** Opening Information supplied block **

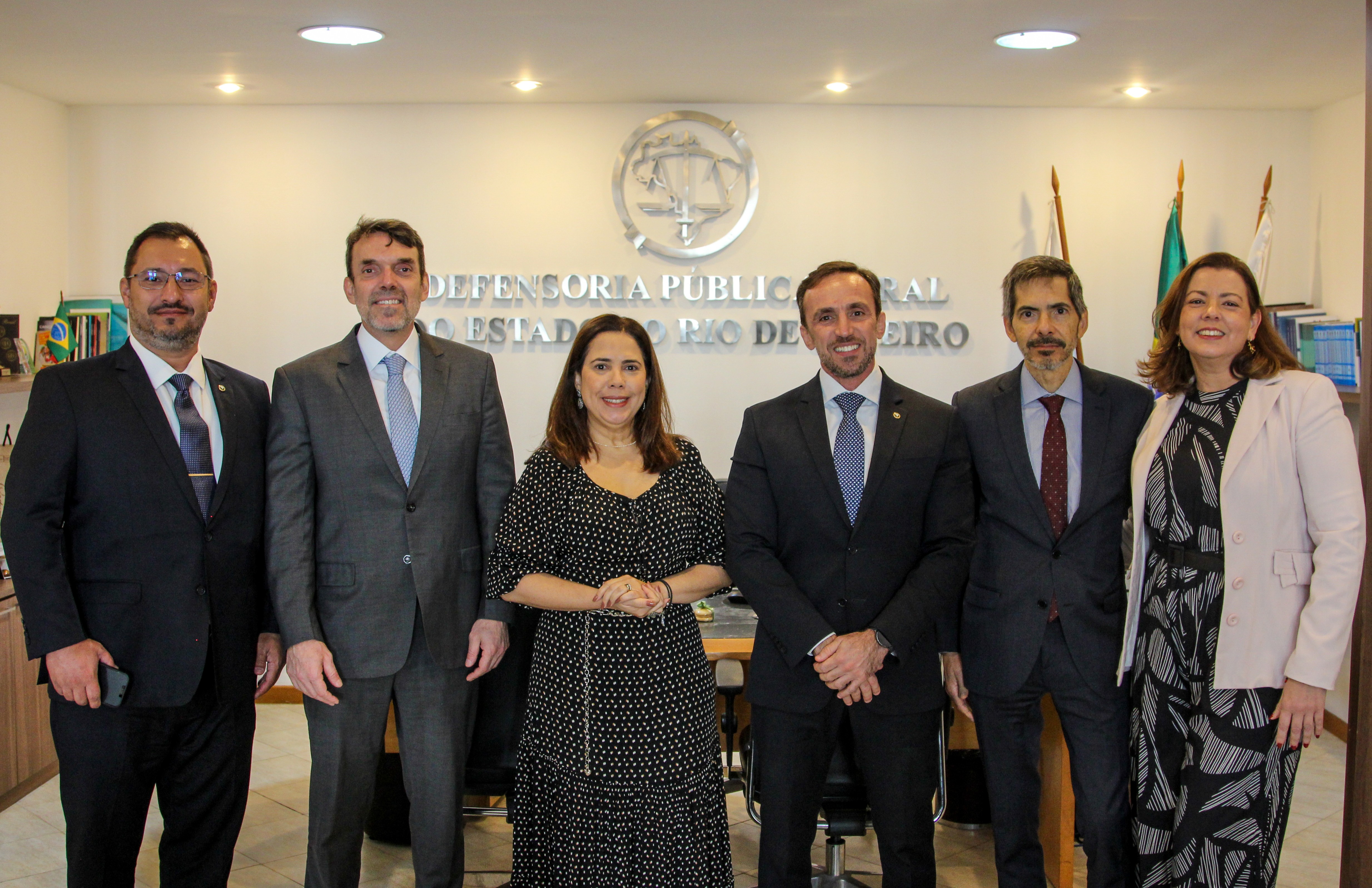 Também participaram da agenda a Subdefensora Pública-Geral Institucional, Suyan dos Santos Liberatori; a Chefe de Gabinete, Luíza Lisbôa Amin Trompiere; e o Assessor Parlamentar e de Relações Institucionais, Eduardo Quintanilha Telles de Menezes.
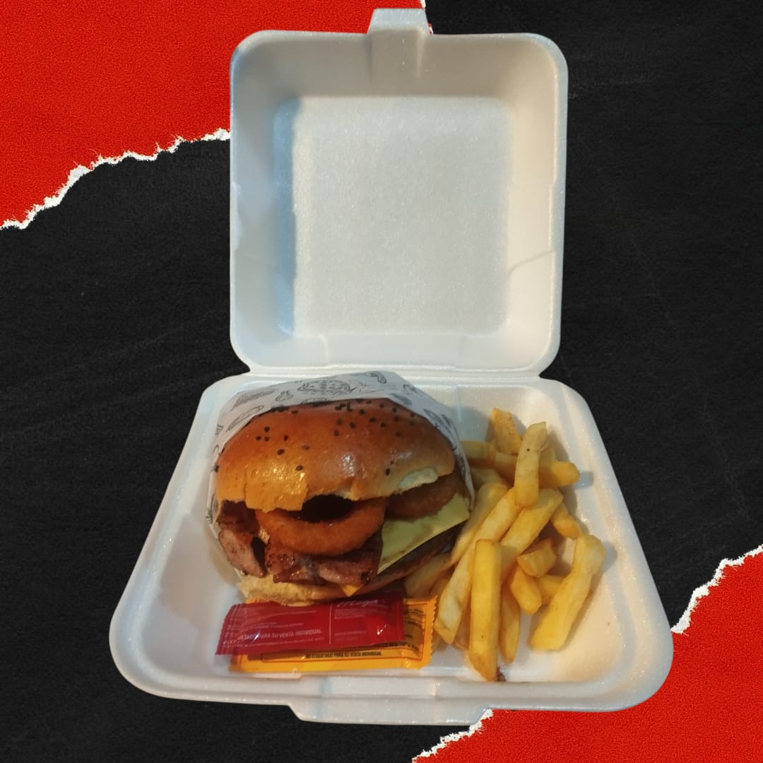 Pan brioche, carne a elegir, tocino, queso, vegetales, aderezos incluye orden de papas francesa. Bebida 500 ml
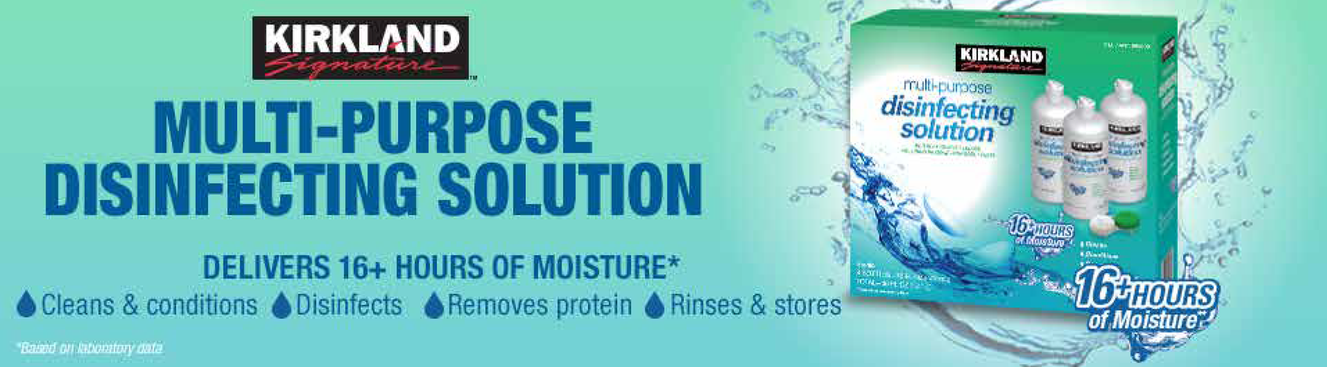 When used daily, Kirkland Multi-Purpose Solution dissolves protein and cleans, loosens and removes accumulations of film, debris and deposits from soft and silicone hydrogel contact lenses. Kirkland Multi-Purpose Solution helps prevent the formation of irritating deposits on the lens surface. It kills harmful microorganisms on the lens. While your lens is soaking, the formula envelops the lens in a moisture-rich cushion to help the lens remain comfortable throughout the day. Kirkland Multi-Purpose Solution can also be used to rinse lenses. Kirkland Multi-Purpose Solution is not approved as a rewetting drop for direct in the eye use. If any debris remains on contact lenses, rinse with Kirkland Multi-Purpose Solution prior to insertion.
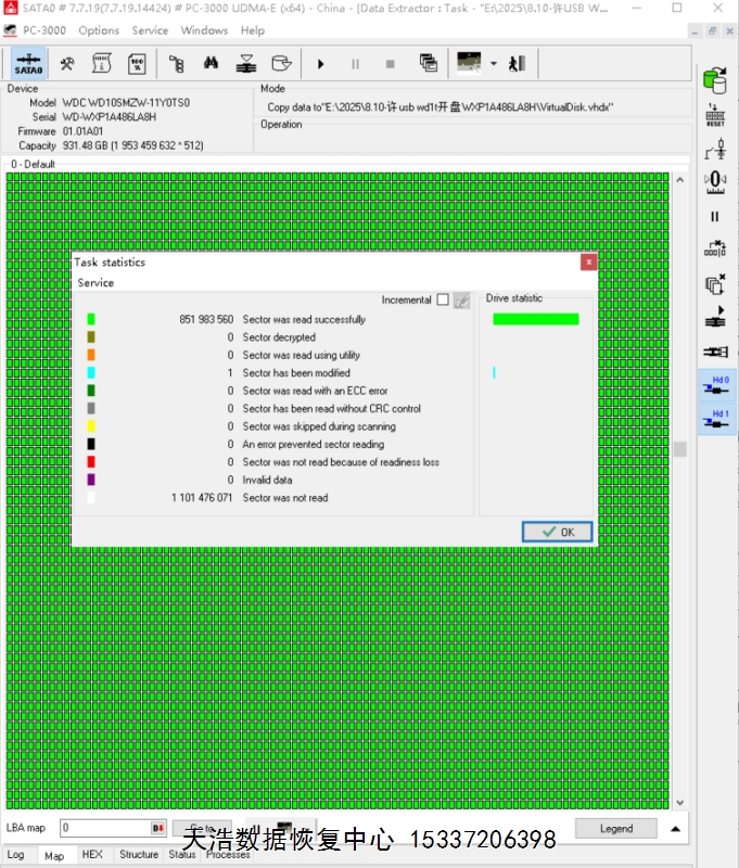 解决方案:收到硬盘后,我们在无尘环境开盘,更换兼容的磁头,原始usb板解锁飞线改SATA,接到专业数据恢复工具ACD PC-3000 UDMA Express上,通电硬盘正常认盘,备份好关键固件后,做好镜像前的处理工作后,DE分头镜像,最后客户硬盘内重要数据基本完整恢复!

** Closing Information supplied block **

- [Task instructions]: Your copy should match the data exactly, apart from the images, which are dropped.

- [Exercise output]:
 Também participaram da agenda a Subdefensora Pública-Geral Institucional, Suyan dos Santos Liberatori; a Chefe de Gabinete, Luíza Lisbôa Amin Trompiere; e o Assessor Parlamentar e de Relações Institucionais, Eduardo Quintanilha Telles de Menezes.
 Pan brioche, carne a elegir, tocino, queso, vegetales, aderezos incluye orden de papas francesa. Bebida 500 ml
 When used daily, Kirkland Multi-Purpose Solution dissolves protein and cleans, loosens and removes accumulations of film, debris and deposits from soft and silicone hydrogel contact lenses. Kirkland Multi-Purpose Solution helps prevent the formation of irritating deposits on the lens surface. It kills harmful microorganisms on the lens. While your lens is soaking, the formula envelops the lens in a moisture-rich cushion to help the lens remain comfortable throughout the day. Kirkland Multi-Purpose Solution can also be used to rinse lenses. Kirkland Multi-Purpose Solution is not approved as a rewetting drop for direct in the eye use. If any debris remains on contact lenses, rinse with Kirkland Multi-Purpose Solution prior to insertion.
 解决方案:收到硬盘后,我们在无尘环境开盘,更换兼容的磁头,原始usb板解锁飞线改SATA,接到专业数据恢复工具ACD PC-3000 UDMA Express上,通电硬盘正常认盘,备份好关键固件后,做好镜像前的处理工作后,DE分头镜像,最后客户硬盘内重要数据基本完整恢复!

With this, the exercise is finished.